2. Focuses Your Career Message + Saves You Time. The content development process also focuses you in on your target audience – what type of role in what type of industry with what size of company with what type of culture are you seeking to work? The more you crystallize these thoughts, the more likely you can aim your search efforts in the right direction, talking with the right people leading you to the right interviewing door (even BEFORE deploying that initial resume story). This process of clarifying and directing your energy will save you time, ultimately, in the overall job search process.

3. Conveys Your Value to Interview Committee Members. While the initial interviewer may already know you from the referring party and even have a warm feeling about your value before ever seeing your resume–another person on the interviewing committee may have zero insights into your abilities and qualifications. A well communicated resume story can give them a ground-up, energizing reason to want to speak with you.

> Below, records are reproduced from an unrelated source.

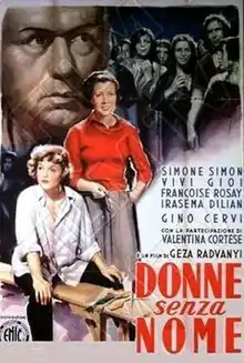 Women Without Names (Italian: Donne senza nome) is 1950 Italian drama film directed by Géza von Radványi and starring Simone Simon, Vivi Gioi, and Françoise Rosay.[1] It is set in a displaced-persons camp after the Second World War, and was filmed at the Cinecittà Studios in Rome. The film's sets were designed by the art directors Piero Filippone and Dario Cecchi.
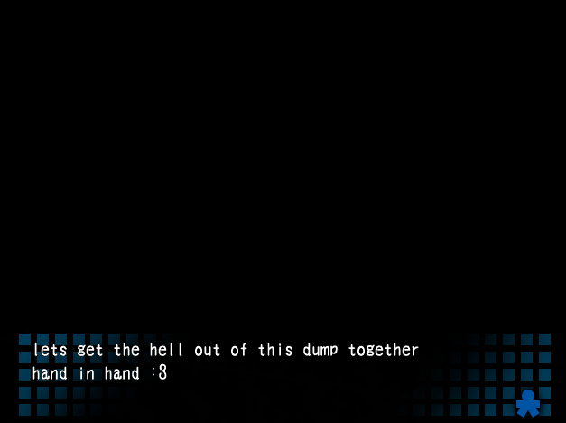 Tässä kohtaa pelikokemukseni haarautuu kahteen eri lopetukseen, joista toinen haarautuu vielä kolmanteenkin myöhemmin. Selostan ensimmäisenä pelin true ending’in ja kerron sen jälkeen, miten kaksi muuta kokemaani lopetusta eroaa siitä.
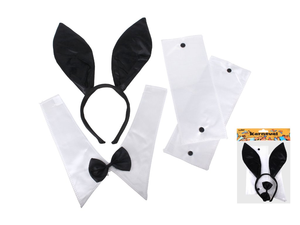 Set karneval zajíc. Obsahuje čelenka uši, motýlek na krk s límcem, manžety na ruce.

4. Supports Professional Reputation. Even if you are referred into an interview (and perhaps especially when you are recommended by a warm relationship in your network), you should have a career story that equals the value proposition for which another person has lauded you. Don’t let the resume be like a wrinkled shirt or scuffed up shoes or an outdated AOL email, taking your reputation down a notch, at the outset.

5. Spurs Deeper Interview Conversations. A meaty, story-driven resume will accompany you throughout the interview process, often providing the interviewer (and YOU) story details (the who, what, where, when, why and how) to delve deeper into during the conversation. It adds a je ne se quois that sparks emotion, hope and desire related to how you solve current problems and can foresee future opportunities for revenue growth and market expansion.

Do not limit your resume’s value proposition by buying into the idea that its ONLY purpose is to get you ‘in the door.’ If done well, with elegant and emotive storytelling as well as a refined focus, it can and WILL perform at much higher levels than other job seeking contenders with which you are competing in this job search race!